The 10-Minute Fat-melting Workout To Do for Results, Trainer Says
How does a fat-melting workout sound to you? The best part is that you can do this routine in just 10 minutes of your time. If you're looking to trim up and lose any extra weight you're carrying, you need to be consistent with the basics: eating a healthy diet filled with lots of lean protein and veggies, getting in daily steps, and performing strength training exercises. The combination of these three things will help the extra fat come off and help you to reach your fitness goal. Read on to learn more about this 10-minute fat-melting workout you can do for some pretty awesome results.
When it comes to strength training, many people get overwhelmed.
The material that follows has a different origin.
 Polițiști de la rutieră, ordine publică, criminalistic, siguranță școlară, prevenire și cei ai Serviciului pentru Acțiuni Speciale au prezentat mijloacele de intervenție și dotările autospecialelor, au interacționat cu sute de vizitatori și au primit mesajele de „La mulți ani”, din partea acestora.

Some don't know where to begin, while others may have a limited amount of time in which to work out with a busy lifestyle. The answer to this dilemma is simple: You need to be efficient with your time when it comes to your workouts, which means choosing the best exercises to help achieve the best results.
You're in luck today, because with this time-efficient exercise plan, you don't need to spend hours on a workout. Plus, this routine doesn't require any fancy equipment. Whether you're a beginner or simply strapped for time, you can easily start with resistance bands and dumbbells.
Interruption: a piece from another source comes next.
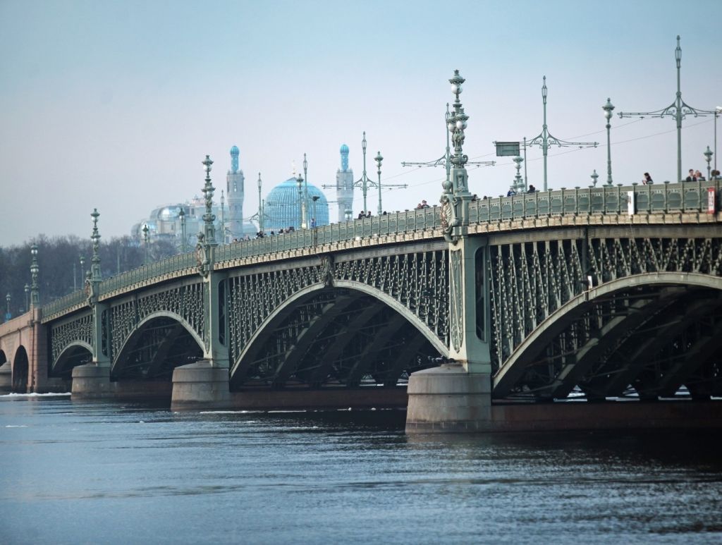 Объемно- планировочное и пространственное решение: исторические габариты, местоположение и конфигурация моста с девятью постоянными пролетами и одним разводным, включая опоры;Конструктивная система:средняя металлическая пятипролетная часть моста (местоположение, конфигурация, габариты): сочетание консольно-арочных и консольно-балочных ферм;металлический пролёт – трехшарнирные арочные клепанные решетчатые фермы с консолями, выступающими в противоположные стороны за пределы среднего пролёта;боковые пролёты средней (пятипролетной) части моста – фермы консольно-балочной системы;разводной пролет (местоположение, конфигурация, габариты) – однокрылый металлический цельносварный пролет;правый берег - трехпролетная каменная аркада (местоположение, конфигурация, габариты) бесшарнирные каменные своды на свайном основании, облицовка, парапет - розовый гранит;левый берег – стационарный пролёт (местоположение, конфигурация, габариты) со сталежелезобетонным пролетным строением: железобетонные балки — фальшарки коробчатого сечения с криволинейным очертанием нижнего пояса, имитирующем арочное каменное пролетное строение, облицовка - розовый гранит;левобережный устой –местоположение, конфигурация (прямоугольный в плане), габариты, материал облицовки (розовый гранит);правобережный устой –местоположение, конфигурация (прямоугольный в плане), габариты, материал облицовки (розовый гранит);быки – местоположение, конфигурация (включая ледорезы с верховой стороны), габариты, материал облицовки (гранитное основание, металлический каркас), декоративное оформление;пешеходные спуски с левой стороны с внешними стенками – местоположение, конфигурация (включая конфигурацию гранитных блоков парапета), габариты (включая габариты лестниц, гранитных блоков парапета, вертикальные отметки тротуара моста и нижних площадок спусков), материал ступеней и настила площадок спусков (розовый гранит), габариты.Архитектурно-художественное решение: перильное ограждение моста (местоположение, конфигурация, габариты, рисунок звеньев): на постоянных пролетах чугунное перильное ограждение индивидуального художественного литья, на разводном пролёте — металлические решетки;на левобережном пролёте и каменной аркаде перильное ограждение завершается гранитными парапетами и обелисками со стороны Суворовской площади (габариты, местоположение, конфигурация, материал (гранит), декор: ростры кораблей из патинированной бронзы, поддерживающие круглые светильники, фигуры двуглавых орлов с распростертыми крыльями; две мемориальные доски бронзовые;16 больших канделябров (с тремя плафонами) и 24 малых канделябра (с одним плафоном) местоположение, габариты, конфигурация, декоративное оформление;опоры контактной сети: местоположение, габариты, конфигурация, декоративное оформление;

Below is a sample workout that you can do in a short amount of time. Set a timer for just 10 minutes, and perform as many sets of the exercises mapped out below. Get ready for the best fat-melting workout you didn't see coming! And next up, don't miss The 6 Best Exercises for Strong and Toned Arms in 2022, Trainer Says.
Band Squat to Row
Start the Band Squat to Row by wrapping a resistance band around a sturdy beam or pole. Take a few steps back to get some tension on the band. Keeping your chest tall and core tight, push your hips back, and squat down until your hips are at least parallel to the ground. Come back up by driving through your heels and hips. While you're coming back up, perform a row by pulling the band back with your elbows, as you squeeze your shoulder blades together. Straighten your arms fully before performing another rep. Complete as many sets as you can of 15 reps. If you have extra time, go for the gold, and push yourself!
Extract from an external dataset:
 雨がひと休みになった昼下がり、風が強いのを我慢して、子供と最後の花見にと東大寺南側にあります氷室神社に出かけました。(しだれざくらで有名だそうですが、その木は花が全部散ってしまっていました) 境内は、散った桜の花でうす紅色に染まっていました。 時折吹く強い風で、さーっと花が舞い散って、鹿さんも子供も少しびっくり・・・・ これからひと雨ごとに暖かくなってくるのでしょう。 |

Feet Elevated Dumbbell Pushups
To begin these pushups, place the pair of dumbbells in front of you while positioning your feet on top of a stable surface. Keeping your core tight, hips high, and chest tall, use your control to lower your body, coming down until your chest is an inch or two above the ground. Then, push yourself back up, flexing your upper pecs and triceps to finish. Perform as many sets of 10 to 15 reps.
Reverse Lunge + Press
Begin your Reverse Lunge + Press by holding a pair of dumbbells in front of your shoulders. Keeping your chest tall and core tight, step back with one leg until your knee touches the ground. When you're at the bottom of the movement, press the weights up, then lower them back down before stepping back to the starting position. Perform 6 reps on one leg before switching sides.
Lay flat on your back to start your Flutter Kicks with your feet at least 6 inches off the ground. Press your hands into the ground and curl your body up with your ribs pulled down. With your core tight, begin kicking your legs up and down as if you're swimming. Maintain tension in your abs the entire time of the movement. Complete as many sets of 30 reps on each leg.